[aspect-devel] Fwd: geoid
bangerth at tamu.edu
Mon Apr 20 12:31:23 PDT 2015
[Forwarding this on Scott's behalf.]
-------- Original Message --------
Date: Mon, 20 Apr 2015 13:13:45 -0400
From: Scott King <sdk at vt.edu>
To: Wolfgang Bangerth <bangerth at math.tamu.edu>
Your point about the gravity vector not being vertical but relative to the
geoid is an interesting one. I think we have always considered that second
order, but it would be interesting to know. Actually most of my career I
thought of the earth as a 2D box!!! This image is from an older paper of
mine, but others have produced much the same. The red line in the middle is
dynamic topography, blue is the gravitational contribution from a internal
density anomaly. One of the things Brad (Hager) is famous for, is
recognizing that the geoid from tomography would not be like the figure on the
left (what seismologists originally thought) but would have a contribution of
dynamic topography. Further if you assumed a uniform (with depth) mantle,
this you got the middle picture (geoid lows over subduction) but what we
observe is geoid highs over subduction (originally why seismologists were
pleased with the static earth calculation). This became the origin of the
argument for a jump in viscosity in the lower mantle (figure on the right).

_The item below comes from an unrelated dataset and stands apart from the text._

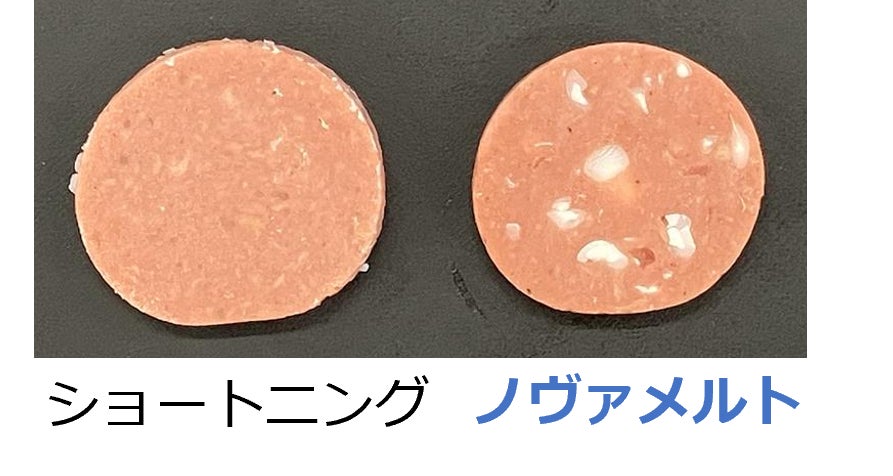 「ノヴァメルト」は、加熱時の油脂の融(と)け出しを制御する独自開発技術(Melting Control技術)により、食品中に油脂の一部を留めさせることで、食品に多汁感や瑞々しさを付与できる食用加工油脂です。

This was all done with propagator matrices and semi-analytic 3D techniques in
the late 70's and early 80's.
So this is all ancient history and somewhat esoteric geodynamics, but it is
part of why I'm interested not only in the dynamic topography but also the
geoid anomalies as output. It seems like Ian and Rene are working on this.
I'm glad to know that. I will make sure Shangxin hooks up with them. He has
been looking at dynamic topography as a function of element type. I've
always wondered, since the usually computation of dynamic topography depends
on stress and stress is less accurate than velocity, just how does the low
order that we use affect the result. As you can see from the plot, since
dynamic topography and internal mass anomalies are of opposite sign, a
smallish error in one can lead to a big error in the total geoid anomaly.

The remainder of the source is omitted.